On Fri, Oct 12, 2018 at 3:01 PM Per Larsen <perl at immunant.com> wrote:

> >> Pagerando is an improvement over ASLR; it is certainly not intended as
>
>> >> a replacement for CFI. Pagerando instead complements CFI as a defense
>
>> >> in depth by making it harder to reliably exploit unconstrained (legacy
>
>> >> code w/o CFI) and weakly-constrained (e.g. those that require many
>
>> >> targets w/CFI) branches.
>
>> >
> >Perhaps I am missing something, but if the low 12 bits of an address are
> not modified between runs then, for the newer ROP attacks that perform
> partial pointer >overwrites, this leaves you with 4 bits of useful
> entropy.  If you try this attack on 100 devices then you will, on average,
> compromise at least 12 of them.  That doesn’t >sound like it gives very
> much security.
>
> For context, David is referring to an academic study of the limits of code
> randomization by Enes Göktaş and others:  Position-Independent Code Reuse:
> On the Effectiveness of ASLR in the Absence of Information Disclosure
> [0,1]. It is interesting research and complements the authors' earlier
> limit studies of CFI. They conclude the paper with a recommendation to
> combine CFI and code randomization which is exactly what we are proposing!
>
> Stack massaging is a key step in PIROP and the idea is to coerce the
> program to generate valid pointers by feeding the target process crafted
> inputs. The adversary can then adjust the lower two bytes of the pointers
> via partial pointer overwrites which gives him a position independent way
> of addressing nearby gadgets. To understand the impact of pagerando and
> ASLR, we can look at the first Asterisk exploit (Sec 4.1). The authors
> trigger a stack corruption bug which causes 6 return addresses to be
> spilled to the stack. It is not clear from the paper whether these point to
> six unique return sites or not but we assume each address is unique for the
> sake of argument.
>
> ASLR:
>     - an adversary can address 64KiB code relative to each pointer.

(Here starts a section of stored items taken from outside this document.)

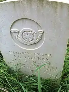 He and Katherine had four children. Katherine died in 1927, while Vaughan died in 1919. A fund was raised to provide a memorial for his grave in honour of his Welsh patriotism in St Thomas' Church, Rhyl, Flintshire. Two headstones mark his grave: an Imperial War Graves Commission headstone under the name, Lt Col A. O. Vaughan,[7] with the badge of the King's Own Yorkshire Light Infantry and a Celtic cross honouring his achievements for the Welsh[2] under his bardic name Owen Roscomyl.[2]
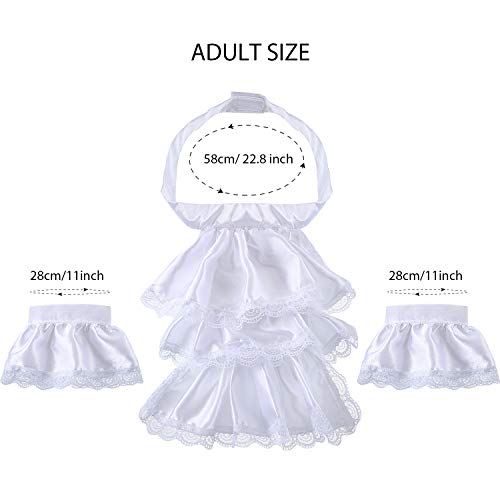 Proper size for adult: the lace jabot collar is 24 x 24 cm/ 9.5 x 9.5 inch, the neck band is approx. 58 cm/ 22.8 inch and the lace cuff is approx. 28 x 10.5 cm/ 11 x 4.1 inch
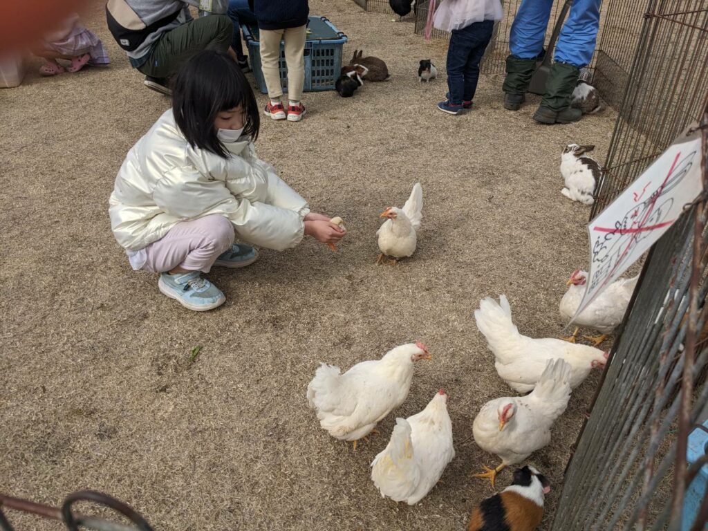 子供達は動物たちに野菜をあげたり、抱っこしたり、たくさんの動物たちと楽しいふれあいの時間を過ごしていました。

>     - best case: ~64KiB gadget availability, worst case: 6*64KiB = 384KB
> gadget availability.
>     - 4 bits of entropy regardless of the number of return addresses to
> overwrite
>
> pagerando:
>     - case 1: all return addresses point to the same page:
>         + can address 4KiB of code worst case (vs 384KiB for ASLR)
>         + must guess 4 bits of entropy for 1 pointer: 1/16 success rate
>     - case 2: all return addresses point to different pages:
>         + can address 6 * 4KiB code -> 24KiB gadget availability.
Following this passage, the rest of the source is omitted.